Thursday, March 15, 2007

A new scanner

Almost a year ago, I lamented that my HP ScanJet 2300c was not supported by OS X. I struggled with TWAIN SANE for OS X for a short while, and gave up, concluding that the whole saga just wasn't what Mac ownership was supposed to be all about. The ScanJet scanned faithfully (into its atrocious Windows-based software) for about another 10 months, and then recently died. (Well, it still scans things into quite a nice shade of blue, but that's not amusing for very long.) Yesterday, I needed to scan some documents, so I set about buying a new flat-bed scanner.

My first stop was Apple's Mac OS X Scanner Support page. I seem to recall that page (or one like it) offering a detailed list of supported hardware, but no more. Now:
Most flatbed and film scanners that use a FireWire (IEEE 1394) or USB connection work with Mac OS X. Mac OS X even offers built-in support -- no drivers or plug-ins necessary -- for many scanners using its Image Capture Architecture (ICA). Applications that directly support acquiring images from TWAIN devices, such as Microsoft Word and Adobe Photoshop, have access to any installed TWAIN Data Source (DS). The Image Capture application in Mac OS X, and programs such as iPhoto that access its capabilities, have access to any installed DS as well as native ICA drivers.

Sounds marvelous. I suspect that the more useful advice appears two paragraphs later, however:
Please check with the manufacturer of your device to find out about specific Mac compatibility.

My second stop was a nearby Officeworks store. It quickly became obvious that flat-bed, colour document scanners are a dying breed: everything's multi-function. While I could probably do with a fax machine, I certainly don't need a second laser printer, and I prefer devices that do one thing well anyway. (I don't use the camera in my mobile phone, and I don't store music on my Palm TX.) I simply couldn't find a single Hewlett-Packard ScanJet model of any description—have they stopped making them? In fact, the only standalone scanners were a couple of Canon's CanoScan range, about which I knew nothing.

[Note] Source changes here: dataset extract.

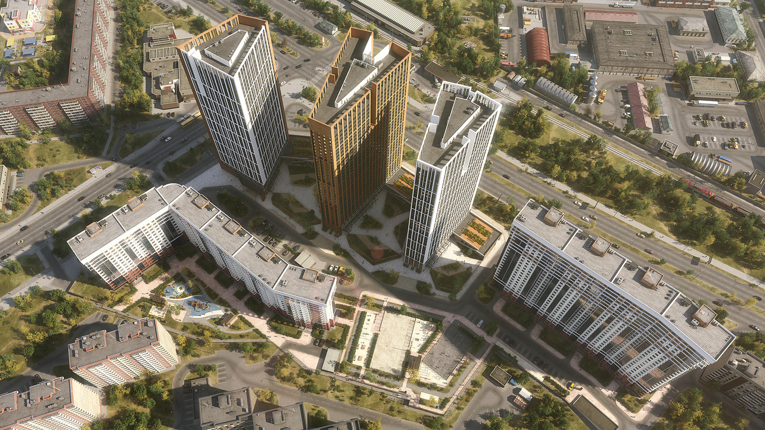 Комплекс состоит из трёх башен, между улицами Готвальда, Черепанова и III Интернационала. Развитая инфраструктура района: 10 детских садов, 5 школ и 2 вуза УрГЮИ и УрГУПС. В шаговой доступности 2 парка, река Ольховка и набережная городского пруда, где можно прогуляться и отдохнуть. В комплексе есть магазины: Магнит, Пятёрочка, ОZON, Аптека, Кофейня. ТЦ Карнавал находится в 10 минутах езды на автомобиле. Поблизости есть остановки автобуса. Станции метро Уральская и Динамо в 1,5 км от квартала.

So, by this time well and truly over Officeworks' supermarket ambience, I left the store.

My third stop was (and uttering the name makes me shudder) Harvey Norman. The store was nearby, and I knew they sold peripherals. Again, I sought a ScanJet, and again I was disappointed. This store had two brands of standalone, flat-bed scanners, at least—Canon and Epson. (I actually asked a nearby sales-droid about HP ScanJet scanners. He seemed to indicate that they had some in recently, but had "sold out". He also thought they were "getting more in", and that they were expecting "new models". It also sounded like this was the response he gave to all similar questions.) Anyway, I was running out of interest in the whole project at this point, so I figured I would buy a low-end Canon model, since I owned a Canon camera and a Canon photo-printer. Maybe I'd win something if I completed a set.

Though momentarily distracted by the idea of buying a much larger and more expensive model that scanned 35mm negatives, I settled on the CanoScan LiDE 25 for two reasons: it was cheap, and I like catching myself just before making an impulse buy. It also had a nice OS X logo on the box. It cost $A 119.95.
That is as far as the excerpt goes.